The query parameters must be in name=value format and be concatenated by &. You would normally also URL-encode the query parameters with the specified charset using URLEncoder#encode().

The String#format() is just for convenience. I prefer it when I would need the String concatenation operator + more than twice.


Firing an HTTP GET request with (optionally) query parameters

It's a trivial task. It's the default request method.

URLConnection connection = new URL(url + "?" + query).openConnection();
connection.setRequestProperty("Accept-Charset", charset);
InputStream response = connection.getInputStream();
// ...

Any query string should be concatenated to the URL using ?. The Accept-Charset header may hint the server what encoding the parameters are in. If you don't send any query string, then you can leave the Accept-Charset header away.

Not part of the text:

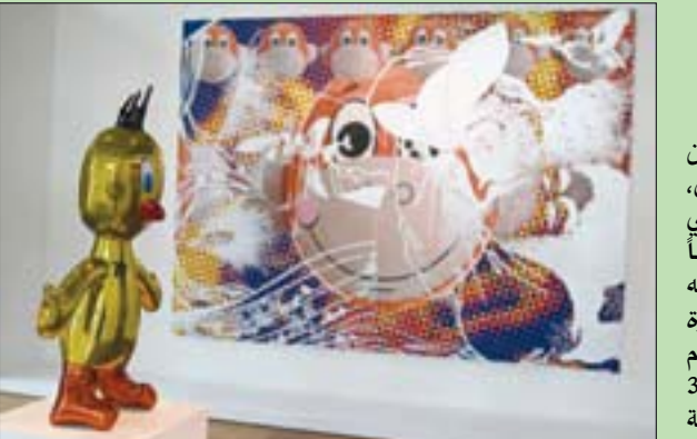
من أعمال الفنان الأميركي جيف كونز

باريس على قائمة المعارض الجماهيرية ويعتبر «أحد أهم المعارض منذ بداية الجائحة. وهذا المعرض المزدوج الذي افتتح في 19 مايو (أيار) هو أول مشروع مشترك بين متحف بيكاسو ومتحف رودان. وتعرض التماثيل والأعمال الورقية التي صممها رودان (1840 - 1917) في متحف بيكاسو بينما توجهت لوحات وتماثيل بيكاسو (1881 - 1973) إلى متحف رودان. ويستمر المعرض المزدوج حتى يناير (كانون الثاني) 2022. وفي متحف الثقافات الأوروبية والمتوسطية بمارسيليا يقام معرض لأعمال الفنان العالمي جيف كونز الذي تعد أعماله بين المعارض الأكثر قيمة بين الرسامين الأحياء منذ بيع تماثله الفولادي «الأرنب» في مايو 2019 بنحو 81 مليون يورو (99 مليون دولار) في مزاد. وبين أعمال أخرى، يضم المعرض تماثله الفولادي «الكلب البالون» الذي يشبه كلباً مصنوعاً من البالونات، وتماثله الشهير «القلب المعلق» وهو عبارة عن قلب فولاذي به سهم. وقام بعرضهما إلى جانب نحو 300 عمل من مجموعة المتحف الفرية لمفردات اليومية من عصور مختلفة.

If you don't need to set any headers, then you can even use the URL#openStream() shortcut method.

InputStream response = new URL(url).openStream();
// ...

Either way, if the other side is an HttpServlet, then its doGet() method will be called and the parameters will be available by HttpServletRequest#getParameter().

For testing purposes, you can print the response body to standard output as below:

try (Scanner scanner = new Scanner(response)) {
    String responseBody = scanner.useDelimiter("\\A").next();
    System.out.println(responseBody);
}

Firing an HTTP POST request with query parameters

Setting the URLConnection#setDoOutput() to true implicitly sets the request method to POST. The standard HTTP POST as web forms do is of type application/x-www-form-urlencoded wherein the query string is written to the request body.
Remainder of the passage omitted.